Greetings Agents of Impact!
In today’s Brief:
- Fixing the EU’s import carbon tax
- Basket bond to spur green lending in emerging markets
- Worker-owned conglomerates
Featured: Policy Corner
How Europe’s import carbon tax can boost global prosperity, not hurt it. Climate action, meet economic nationalism. When the European Union’s Carbon Border Adjustment Mechanism goes into effect in 2026, companies selling everything from steel to cement into the bloc will start paying for their carbon emissions. CBAM, as it is known, is the first real attempt to tax the carbon content of imported goods. Its goal is to encourage low-carbon production without penalizing European companies for the higher costs that might entail. The law is part of a broader wave of protectionism upending global trade flows as countries position themselves for a low-carbon future. CBAM, says Karthik Ramanna of the University of Oxford’s Blavatnik School of Government, “reflects the new geopolitical zeitgeist of economic protectionism.” Countries from China to the UK fear CBAM will unfairly penalize their exports, while others, including the US, Canada and Australia, are mulling their own import assessments. “Is there a way to sustain the efficiency gains and cross-national wealth sharing that come with free trade while also advancing CBAM’s potential to curb catastrophic greenhouse gas emissions?” Ramanna asks in a guest post on ImpactAlpha.
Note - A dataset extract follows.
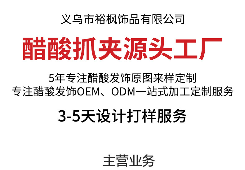 裕枫饰品加工定制醋酸发夹抓夹来图来样定做醋酸板材发饰鲨鱼夹

As the global carbon experiment takes shape, Ramanna identifies areas where the law could be strengthened and help usher in more rigorous standards for carbon accounting that can spread prosperity, not hurt it.
- Loopholes. The primary challenge that CBAM and other carbon border assessments face is the lack of an accurate, verified and comparable basis for import levies – in this case, units of greenhouse gas emissions. CBAM allows the use of industry or regional averages to sidestep the lack of primary emissions data. “That, ironically, punishes those companies that have lower emissions and disincentivizes new investments in ‘greener’ technologies and processes,” Ramanna explains. CBAM also does not extend across supply chains, exempting, for example, upstream mining emissions. It is initially limited to certain products, including cement, steel and aluminum, but not their potential substitutes. What’s needed, he says, is a robust carbon accounting system.
- Carbon accounting. Since 2021, Ramanna and his colleagues at Oxford have been developing an “environmental-ledgers algorithm” to generate “accurate and auditable data on the total cradle-to-gate emissions embedded in any product or service.” Companies including Hitachi Energy and Tata Steel have piloted the system, which Ramanna says could underpin carbon tax regimes. “Carbon border accounting, if done right, can be a powerful tool against climate change,” he notes. “It can raise the rules of the game so that companies and countries compete on low-emissions goods and services, just as they currently compete on factors such as costs, quality, and timeliness,” and align with principles of free trade that have eased commerce for decades.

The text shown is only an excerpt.